> Recorded information:
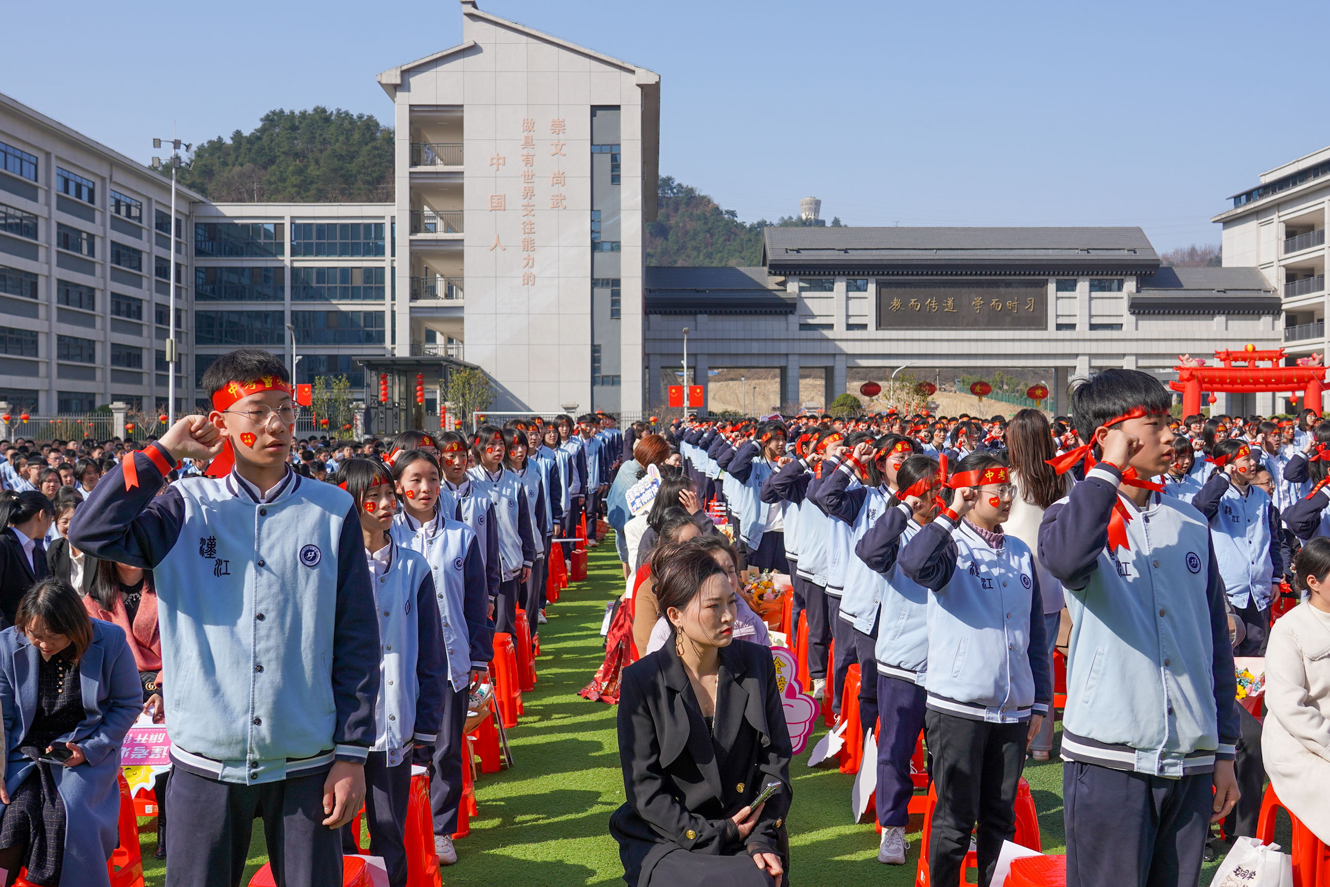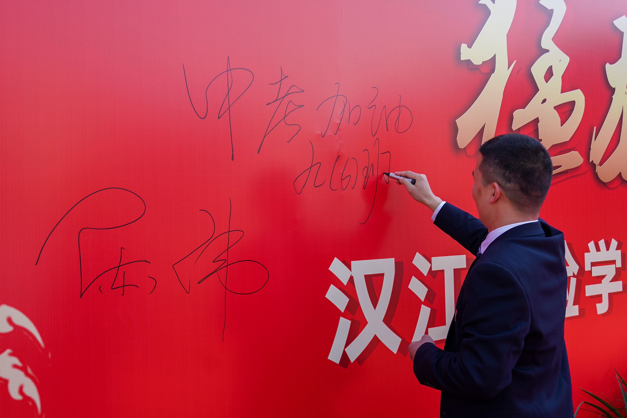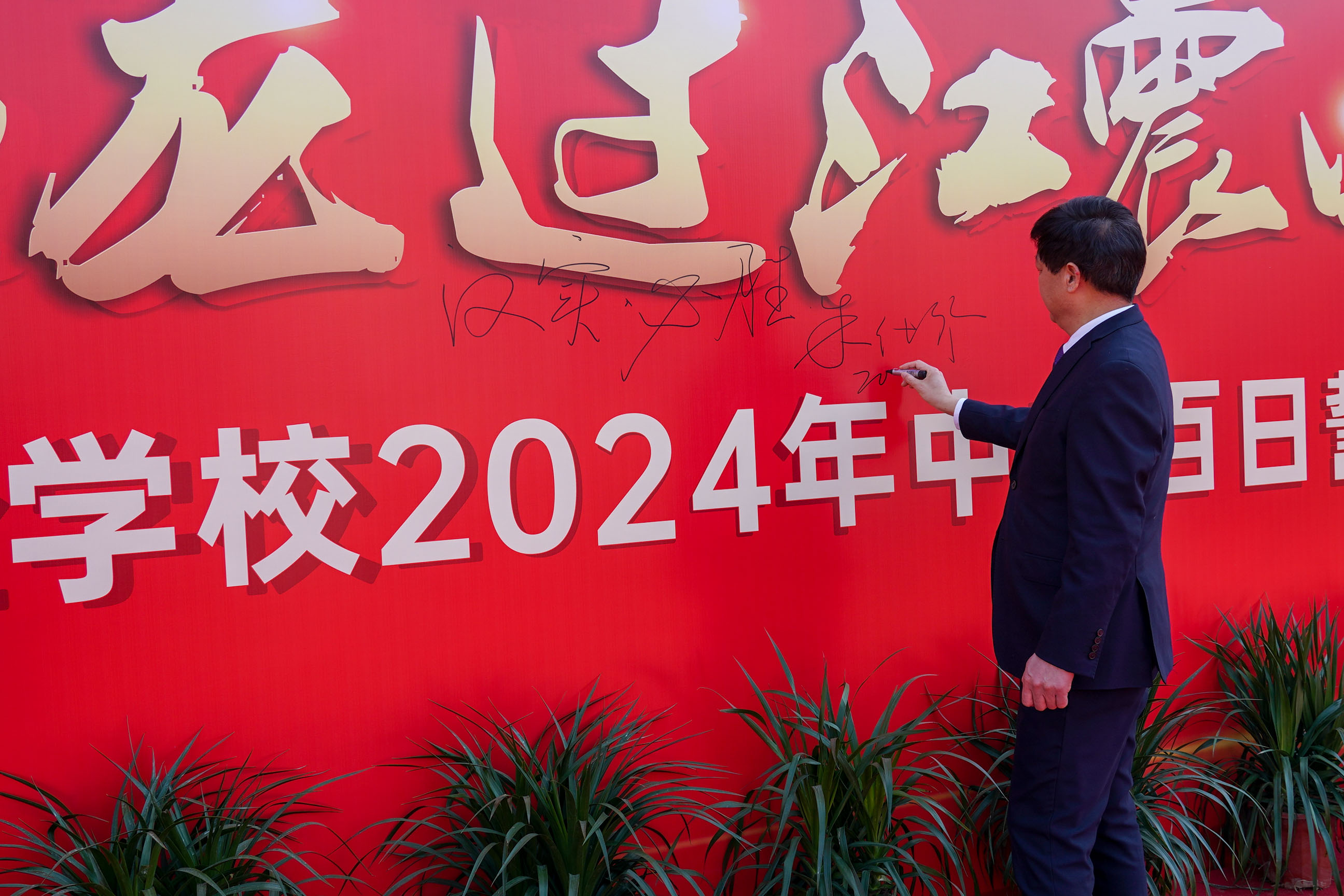 最后,由党支部书记陈伟、校长朱仕竹为八九年级授战旗,年级主任上台接过象征荣誉与责任的战旗。全体师生签名,赓续汉实自强不息的精神,共同迎接中考挑战,书写新辉煌篇章。
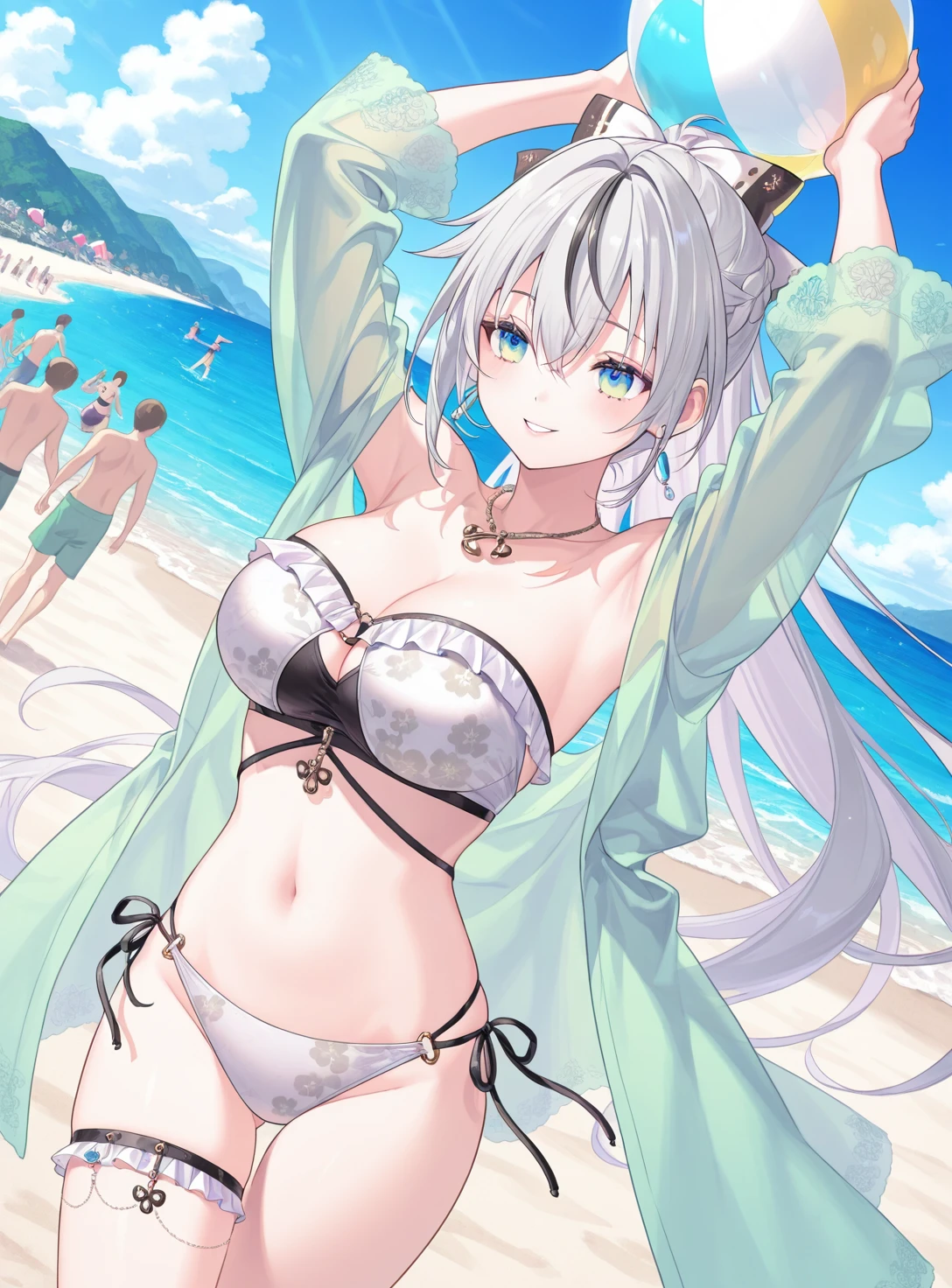 Shirasaki Tsuyuri, long ponytail, head bow, earrings, pendant necklace, frilled , side-tie bottom, swimsuit cover-up, bridal garter,
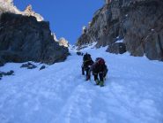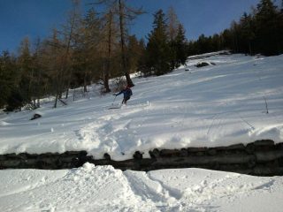 Si parte sci ai piedi dal parcheggio si Thumel. Prima salita nel canalone dove si ravana un pò poi, con la neve e la temperatura…

> About this exercise:
The required output is every line of the data above, set down exactly and stripped of pictures.

> Answer to the exercise:
 最后,由党支部书记陈伟、校长朱仕竹为八九年级授战旗,年级主任上台接过象征荣誉与责任的战旗。全体师生签名,赓续汉实自强不息的精神,共同迎接中考挑战,书写新辉煌篇章。
 Shirasaki Tsuyuri, long ponytail, head bow, earrings, pendant necklace, frilled , side-tie bottom, swimsuit cover-up, bridal garter,
 Si parte sci ai piedi dal parcheggio si Thumel. Prima salita nel canalone dove si ravana un pò poi, con la neve e la temperatura…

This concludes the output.